More on healthcare funding and rationing, today.
It's important to remember that the Canadian government health system began rationing by limiting services years ago. The doctor in this article in the NYT is correct that it is easier to get desired and even necessary care for dogs than it is for humans.
More than ten years ago, there were complaints that the MRI's and CAT scans were limited to a certain number of tests and hours for use by human, State patients, but the machines would be available for veterinarians after hours. Entrepeneurs who were willing to risk censur by the State took a risk to offer needed care to human patients:
Dr. Day's hospital here opened in 1996 with 30 doctors and three operating rooms, treating mostly police officers, members of the military and worker's compensation clients, who are still allowed to seek treatment outside the public insurance system. It took several years to turn a profit.
Today the center is twice its original size and has yearly revenue of more than $8 million, mostly from perfectly legal procedures.
Over the last 18 months, the hospital has been under contract by overburdened local hospitals to perform knee, spine and gynecological operations on more than 1,000 patients. Since the Supreme Court ruling in June, it began treating patients unwilling to wait on waiting lists and willing to pay their own money.
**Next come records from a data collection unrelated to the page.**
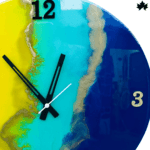 Brighten up your space with the vibrant Ocean Meets Sun Colorful Designer Clock, a masterpiece of bold colors and artistic design for modern interiors.
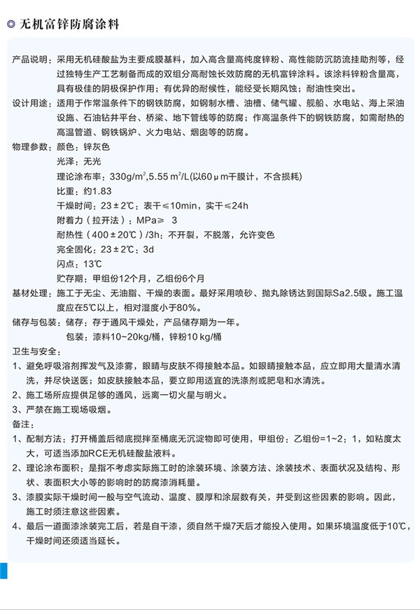 簡介—— 產(chǎn)品說明:采用無機硅酸鹽為主要成膜基料,加入高含量高純度鋅粉、高性能防沉防流掛助劑等,經(jīng)過獨特生產(chǎn)工藝制備而成的雙組分高
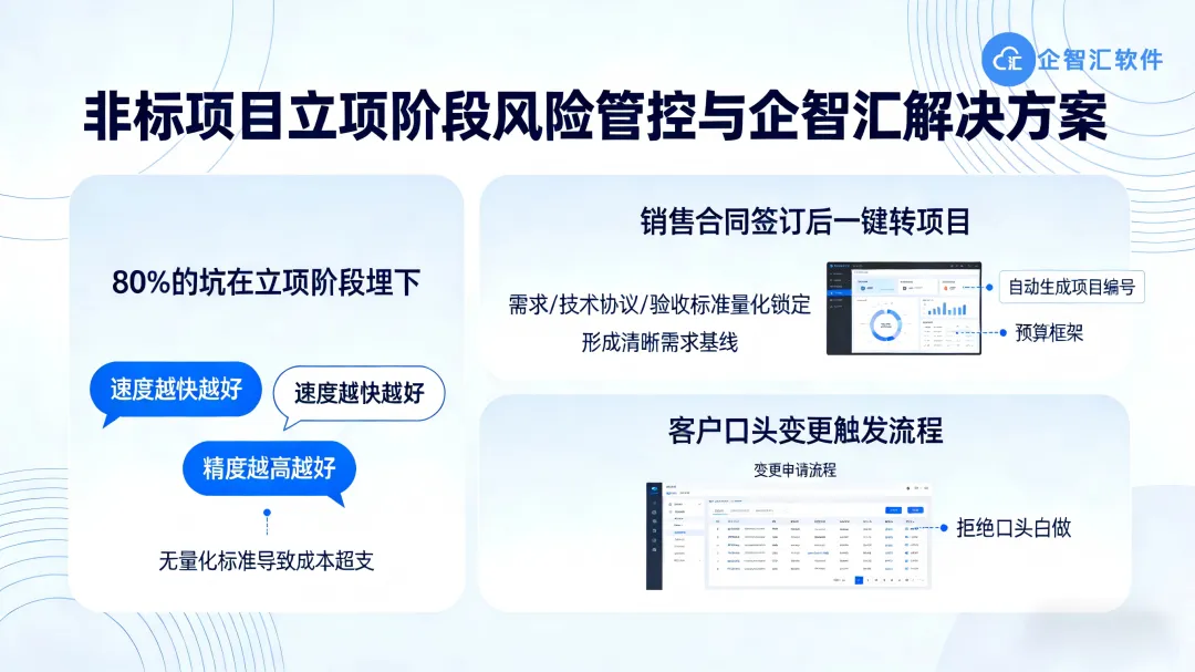 #非标自动化项目管理 #变更控制 #企智汇 #项目管理系统 #非标自动化 #项目管理软件 #变更管理 #按期交付 #成本管控 #制造业数字化转型 #ERP系统 #研发项目管理 #BOM管理 #动态WBS #需求基线 #ECN变更通知 #柔性变更管理 #项目延期 #非标设备 #制造业解决方案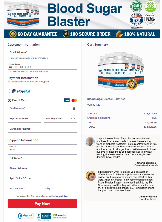 The instant you press “Buy Now,” you’ll land on our safe, SSL-encrypted payment page. Just provide your details, and your Blood Sugar Blaster purchase will be confirmed.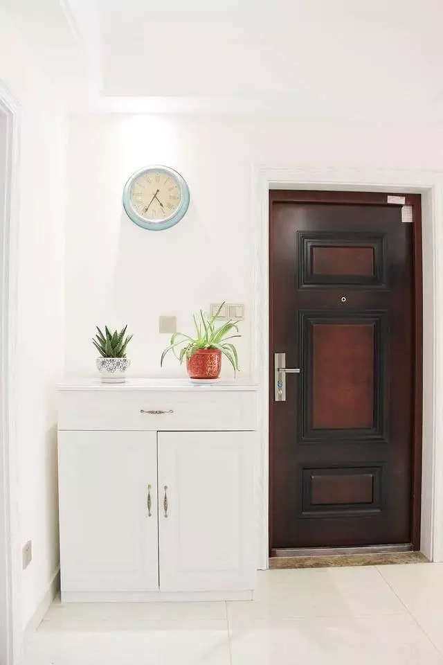 玄关装饰比较简单,精致:落地鞋柜,台面用绿植装饰。墙上挂一个时钟,出门抬头便能知道时间点。

To understand how this happened, here's information from a 1991 News article:
Greg Moulton of Guelph, Ontario, was in a three-month wait to get a CT scan "to learn the cause of his 'excruciating' headaches." Since York Central Hospital's radiology department was only open to the public at specified hours, the hospital decided to allow pet owners to bring in their animals in need of a CT scan after hours—for $300 a scan. "For dogs, a scan can be arranged within 24 hours," according to the Canadian Press ("Humans Wait in Pain, Dogs Don't," June 14, 1991).